Research

We study language where the data runs out.

Beyondlex Research is a small group working on the parts of language modeling that high-resource AI has had the luxury of ignoring.

Active tracks

Four threads of work, each with its own internal research agenda. Publications and notes will appear here as they mature.

  1. 01

    Dialect representation

    How do you encode the boundary between two dialects when the boundary itself is gradient? Our work treats dialect as a continuous variable, not a label, and asks what that costs and what it buys.

  2. 02

    Low-resource modeling

    Pretraining at scale assumes the data exists. For most languages it does not.
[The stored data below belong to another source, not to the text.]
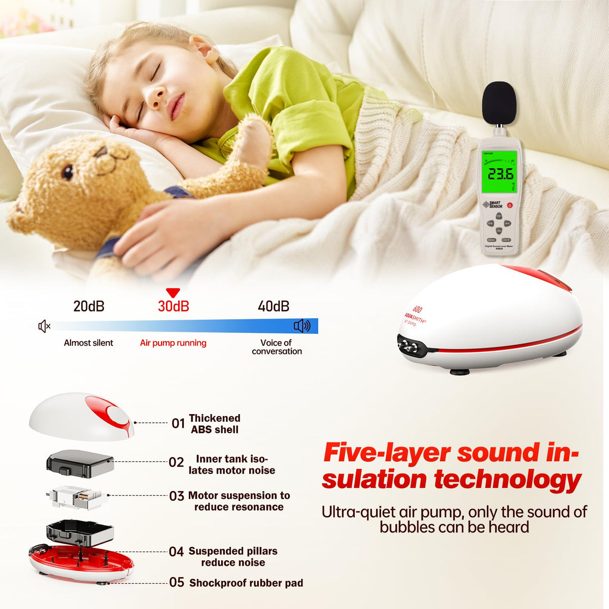 Are you looking for a quiet aquarium air pump? Our product is your ideal choice. Compared with other air pumps on the market, it has excellent silent performance, produces almost no noise, and creates a quiet environment. It is suitable for placement in the bedroom, living room or office, and will not interfere with your life and work. | This aquarium air pump is made of high-quality materials and advanced multiple sound insulation technologies. It operates very quietly and has excellent durability and stability. It can run stably for a long time and provide continuous oxygen supply for your aquarium. In the long run, it is a more economical choice.(There will be noise when the air stone and hose are not connected. It is normal and it will be quiet when connected) | This 1-watt single-hole aquarium air pump performs well. Its air flow is 24 gallons per hour, providing sufficient oxygen for the tank. The air pressure is 0.018 MPa, Suitable for fish tanks from 0 to 40 gallons, stable and moderate, ensuring a reliable gas supply without overloading the tank. | We offer not only quality products but also excellent after-sales service. If you have any issues during use, our professional customer service team is ready to help. We aim to give you the best shopping experience with no concerns. Choosing our aquarium air pump is choosing quality, quietness, and peace of mind.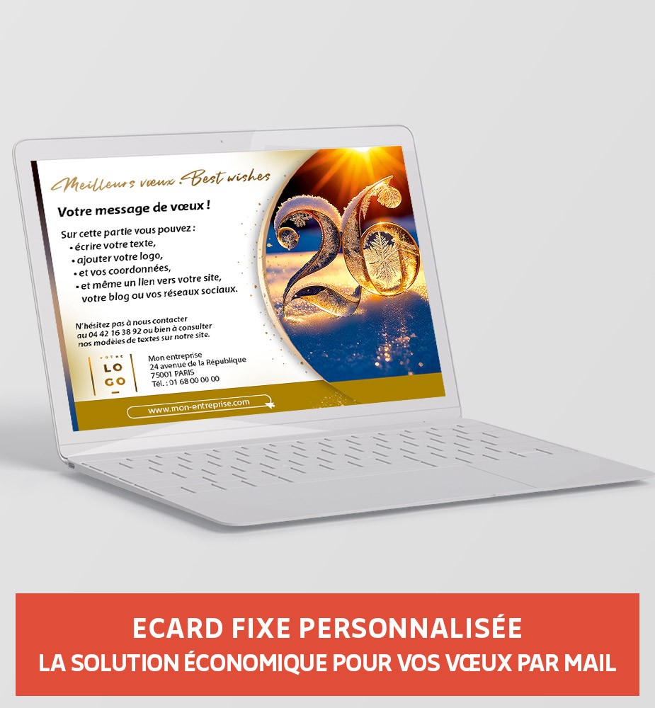 Faites le choix du raffinement pour envoyer vos vœux à un large public en ce début d'année avec cette ecard assortie à votre carte de vœux millésimée. Ses couleurs chaleureuses sauront séduire chacun de vos destinataires. Personnalisez cette ecard fixe de vœux professionnelle en y ajoutant un message personnalisé. Son design cristallin, sublimé par un flocon de neige, ajoutera une touche de féérie à vos vœux. Partagez vos vœux avec élégance et originalité grâce à cette ecard de Noël qui saura captiver tous ceux qui la recevront.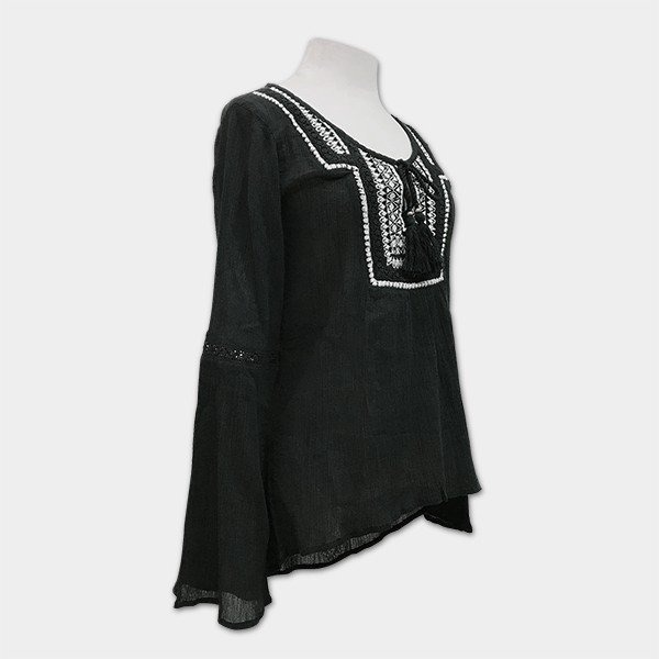 ・ベルスリーブと、スラッシュ開きのネックラインが女性らしく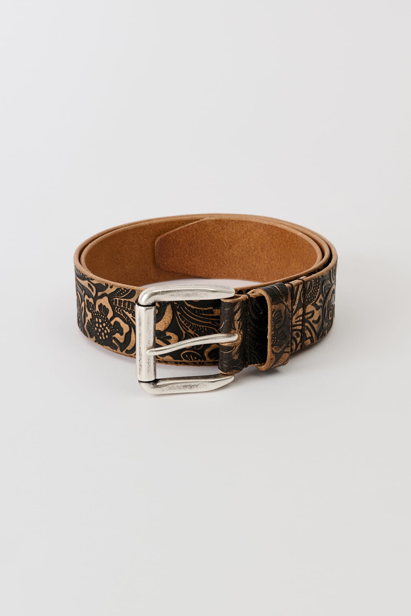Our 4 cm Belt in Paisley Black Vintage Leather. Produced in Italian cow leather with an engraved paisley pattern, this belt features a metal single pin buckle closure, metal keeper and measures 40mm in width. Comes with a dust bag.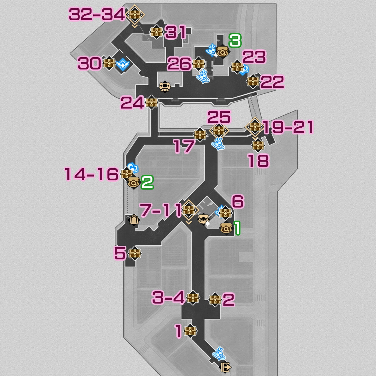 From Chest 33, continue progressing through the stage until you reach Level 3. Chest 34 will be right in front of the exit pipe that leads to F2.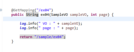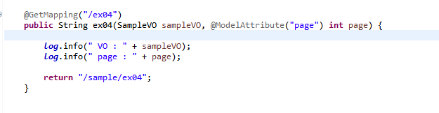 /sample/ex04 에서는 Page값이 나타나지 않는다. 이때 강제로 페이지 화면까지 넘어갈수 있도록 쓰는게 @ModelAttribute 어노테이션이다.

We study how far transfer, augmentation, and curated pretraining can carry a model when the corpus is measured in millions of tokens, not billions.

  3. 03

    Culturally grounded evaluation

    An evaluation that doesn't reflect how a language is actually used will reward the wrong models. We build evaluations with the speech communities themselves — not translated benchmarks borrowed from English.

  4. 04

    Alignment in low-resource settings

    Most alignment research presumes English-language norms and English-language reviewers. We study how preference data, refusal behaviors, and instruction-following transfer — and where they break — across dialects.

Publications, in time.

We are deliberate about what we publish and when. As work clears review, papers, datasets, and reproducible artifacts will be linked from this page.